序列是專案的邏輯系列, 全都是相同的類型。Sequences are a logical series of elements, all of the same type. 這些是比清單和陣列更一般的類型, 可以將您的「視圖」放入任何邏輯專案序列中。These are a more general type than Lists and Arrays, capable of being your "view" into any logical series of elements. 它們也會脫穎而出, 因為它們可能是延遲的, 也就是說, 只有在需要時才會計算元素。They also stand out because they can be lazy, which means that elements can be computed only when they are needed.

module Sequences = 

    /// This is the empty sequence.
    let seq1 = Seq.empty

    /// This a sequence of values.
    let seq2 = seq { yield "hello"; yield "world"; yield "and"; yield "hello"; yield "world"; yield "again" }

    /// This is an on-demand sequence from 1 to 1000.
    let numbersSeq = seq { 1 .. 1000 }

    /// This is a sequence producing the words "hello" and "world"
    let seq3 = 
        seq { for word in seq2 do
                  if word.Contains("l") then 
                      yield word }

    /// This sequence producing the even numbers up to 2000.
    let evenNumbers = Seq.init 1001 (fun n -> n * 2) 

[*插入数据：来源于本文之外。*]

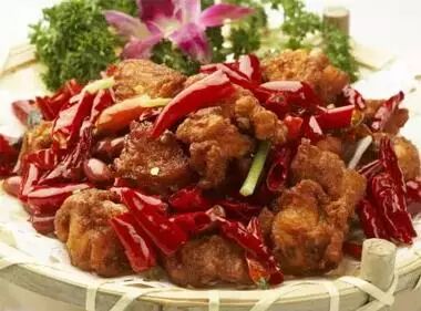 4.大火烧热油,放入姜、蒜片爆香,放入辣椒花椒,放入炸好的鸡块翻炒,撒入鸡精白糖和葱段炒匀。
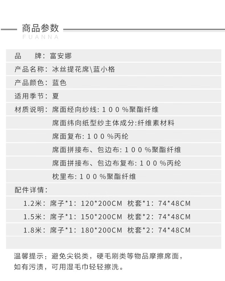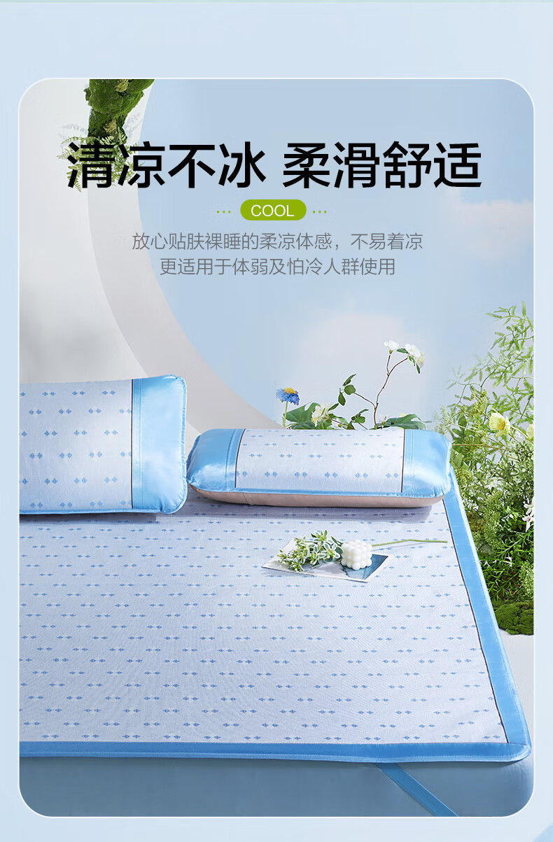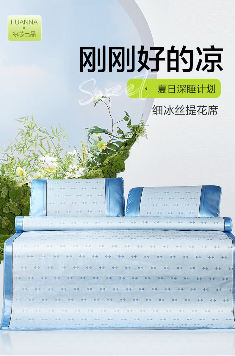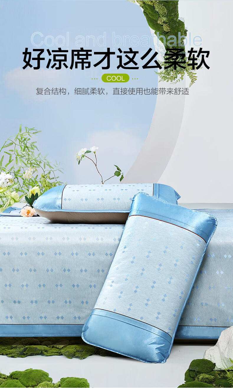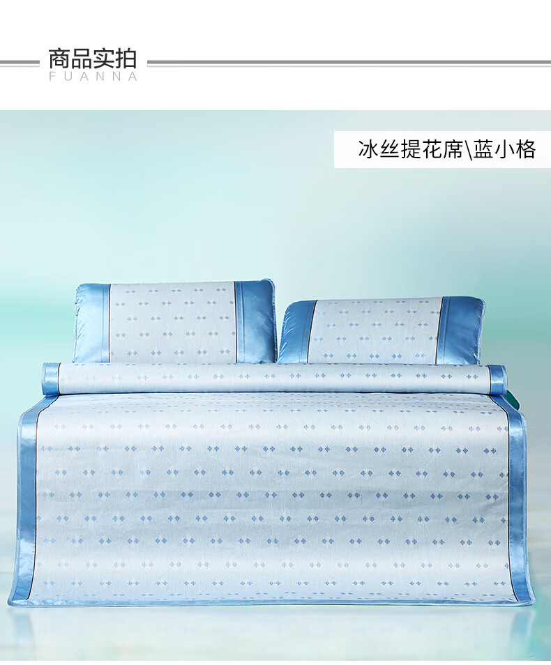 Fu Anna Summer mat, ice silk mat, summer fine ice silk mat, summer mat, 1.8x2 meters, double soft mat, air-conditioned mat, three-piece set

    let rnd = System.Random()

    /// This is an infinite sequence which is a random walk.
    /// This example uses yield! to return each element of a subsequence.
    let rec randomWalk x =
        seq { yield x
              yield! randomWalk (x + rnd.NextDouble() - 0.5) }

    /// This example shows the first 100 elements of the random walk.
    let first100ValuesOfRandomWalk = 
        randomWalk 5.0 
        |> Seq.truncate 100
        |> Seq.toList

    printfn "First 100 elements of a random walk: %A" first100ValuesOfRandomWalk

遞迴函式Recursive Functions

處理集合或序列的項目通常是使用遞迴F# 中。Processing collections or sequences of elements is typically done with recursion in F#. 雖然 F# 提供 for 迴圈和命令式程式設計的支援,但遞迴建議,因為很容易就能保證正確性。Although F# has support for loops and imperative programming, recursion is preferred because it is easier to guarantee correctness.

注意

下列範例會使用透過match運算式的模式比對。The following example makes use of the pattern matching via the match expression. 本文稍後將討論此基本結構。This fundamental construct is covered later in this article.

module RecursiveFunctions = 
              
    /// This example shows a recursive function that computes the factorial of an 
    /// integer. It uses 'let rec' to define a recursive function.
    let rec factorial n = 
        if n = 0 then 1 else n * factorial (n-1)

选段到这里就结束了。